Here's a sample output:
Acceleration = 0.090868
Acceleration = 0.074473
Acceleration = 0.159797
Acceleration = 1.157513
Acceleration = 1.224588
Acceleration = 1.036272
Acceleration = 0.914698
Acceleration = 0.904093
Acceleration = 0.941516
Acceleration = 0.046362
Acceleration = 0.045109
Acceleration = 0.060045
I think, I still have to keep on testing and adjusting values. If you have any optimization in mind kindly do share, I know in order to help you'd need to see the many samples of freefall acceleration values. For now I am thinking to:
round off the values of acceleration to 3 decimal places and play with the acceleration range I am using.
May be check if, after the freefall condition is met, total acceleration value suddenly goes down.
Do you think the acceleration values I have quoted are a bit noisy?
To Q2:
Checking for large negative values does not tell you whether the phone is being dropped.
First, the user could just move the phone with a rapid gesture, this would also result in a large (maybe negative) value.
Secondly, the phone could fall in another direction than you imagine, and therefore, the acceleration could be positive, although the phone is moving towards the ground.
You could just calculate the total acceleration (a = sqrt(ax^2 + ay^2 + az^2)) and check whether this total acceleration corresponds approximately to earth acceleration (9.81). The phone is falling if the acceleration corresponds to earth acceleration for some time.

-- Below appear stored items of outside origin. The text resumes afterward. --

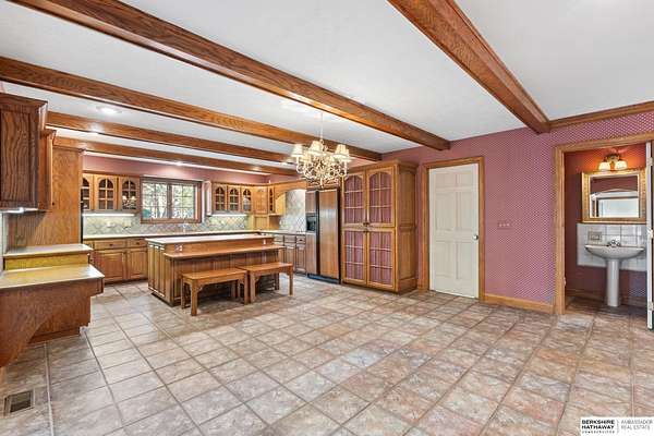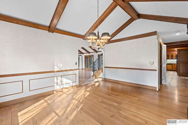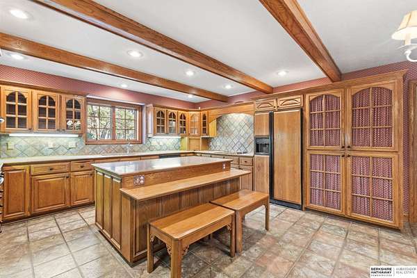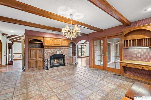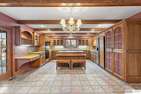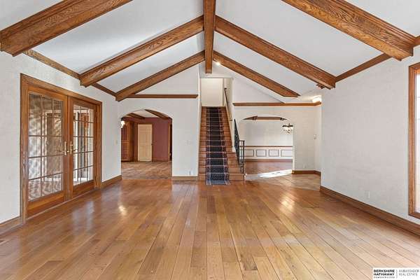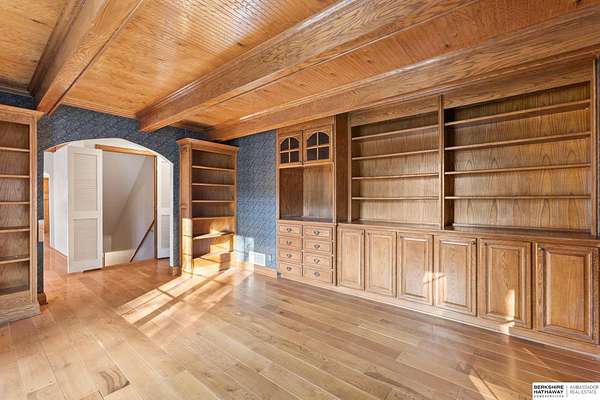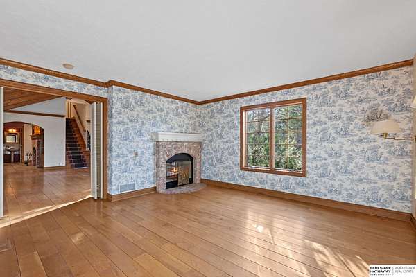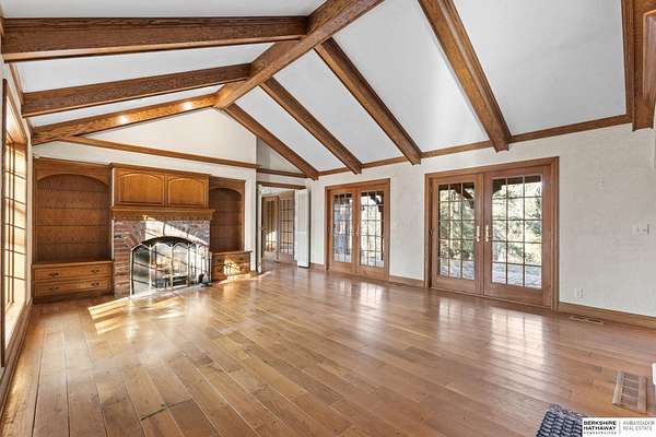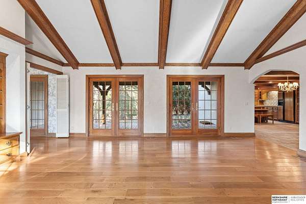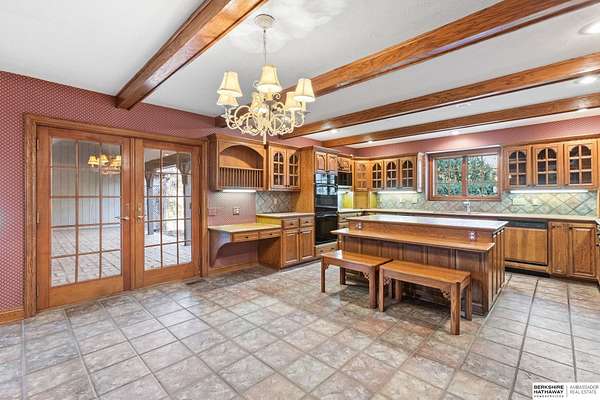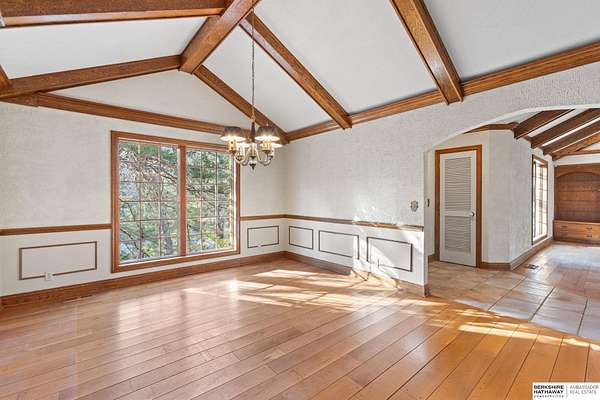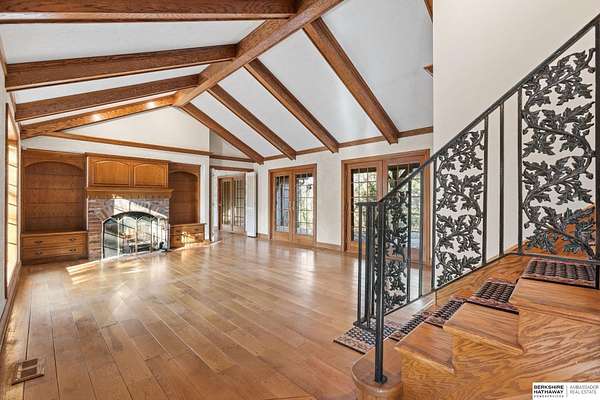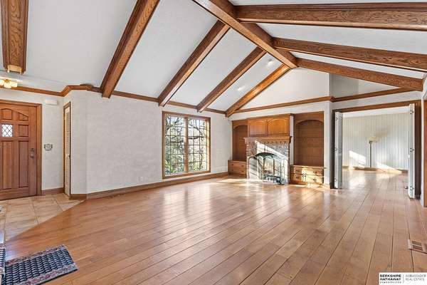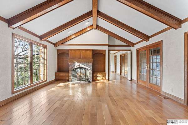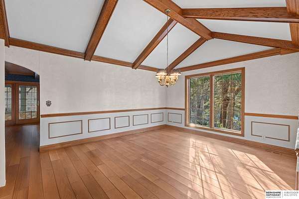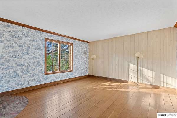 Dani Schram, M: 402-618-3259, dani.schram@bhhsamb.com, https://www.danischram.com - Tucked away on 3.46 wooded acres, this enchanting property feels like something out of a storybook. Surrounded by mature trees and natural beauty, it offers a peaceful retreat in a quaint neighborhood just minutes from Omaha. With an abundance of wildlife right outside your door, a neighborhood fishing pond, and a low mill levy, this is the kind of place where life slows down and simple moments shine.The cottage-style home is full of charm and character, with rich wood floors, beautiful brick accents, and stunning wood-detailed ceilings that create a warm, inviting feel throughout. French doors open to a lovely brick patio-perfect for quiet mornings with coffee or cozy evenings under the trees as deer and birds pass by. Everywhere you look, thoughtful details and timeless touches make this home feel truly special! There's so much more to discover around every corner. You won't want to let this one of a
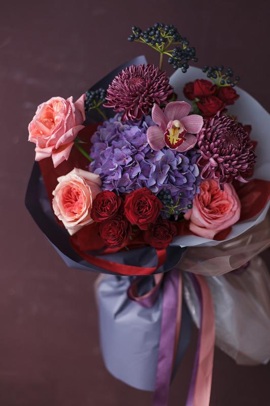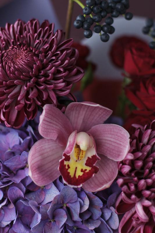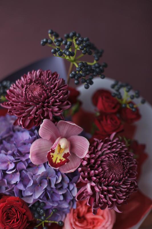 | Состав композиции | Гортензия, хризантема, цимбидиум, кустовая роза, одноголовая роза |
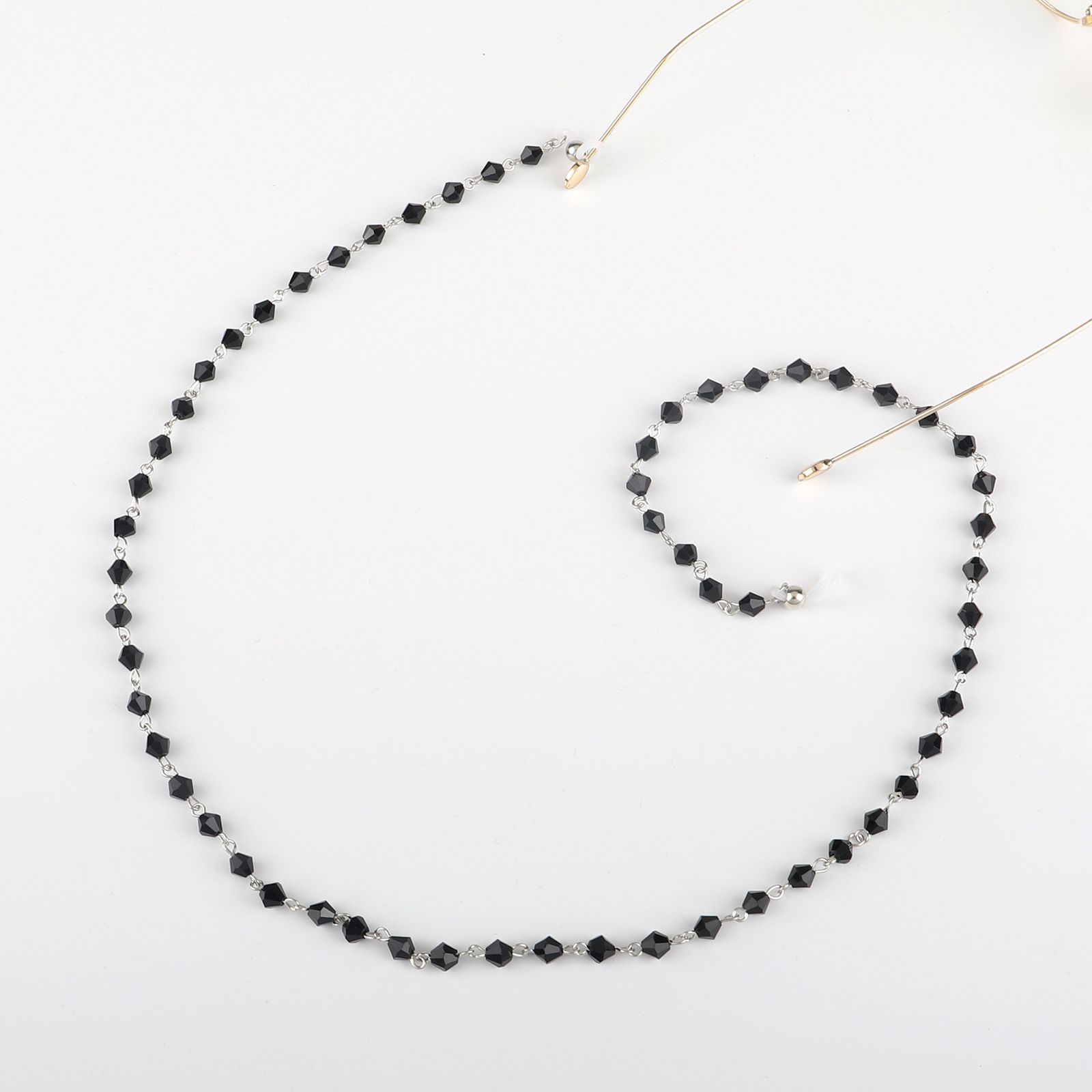 Metal non-slip chain, with black and white crystal, for glasses and masks GL752
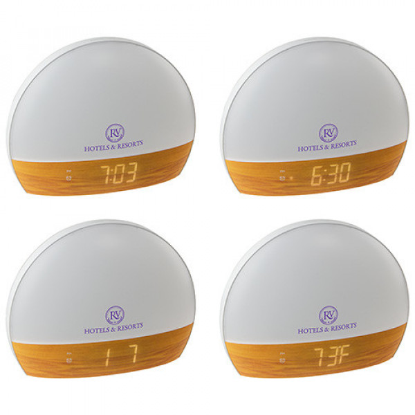 - Sunrise simulation gradually lights up over 20 minutes before alarm time
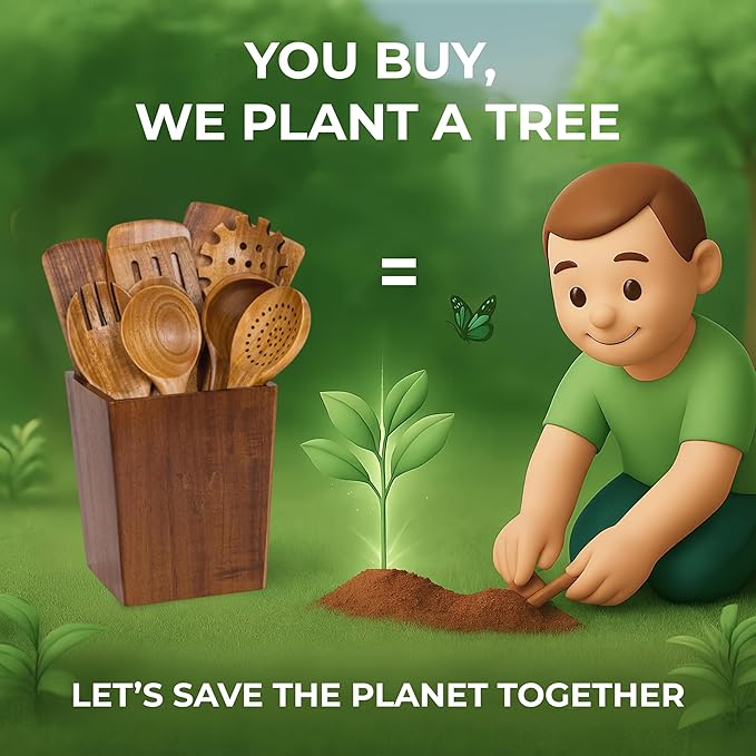 - Crafted from Acacia Wood: Made from dense, long-lasting Acacia wood known for its durability and rich grain, this wooden kitchen utensil set resists moisture and holds up beautifully over time.

You would however have to test yourself, what means "total acceleration corresponds approximately to earth acceleration" and "for some time" in your case.
The physics behind this:
Let's assume you drop your phone in a way, that the y axis of the phone shows upwards. Then the x and z accelerations will be 0 and the y acceleration will be like this:
The acceleration will be 0 in the beginning, will then reach -9.81 the moment, you release your phone. Then it will hit the ground, which you see in the small acceleration peak, and then the acceleration is zero again.
However you can't use only the acceleration in y direction, because your phone may fall in a different angle.
So you have to watch the total acceleration of your phone:
Here you don't see a negative acceleration anymore. However, here it doesn't matter anymore in which direction your phone is facing, as a free fall will always be characterized by an acceleration of 9.81.
To your edits:
1. Why would you want to round off the values of acceleration to 3 decimal places? If you test 0.9 < x < 1.1, it doesn't matter if x is 0.914698 or 0.915.
2. What if someone drops the phone but then catches it again, so the total acceleration does not necessarily have to go down again. Additionally, there should be a large acceleration value (a sudden deceleration) the moment the phone hits the floor. Maybe the reason one does not see this in your values is that it is so short, that it falls between two consecutive measurements. However this could be measured, so don't suppose that immediately after the free fall, the acceleration should decrease again.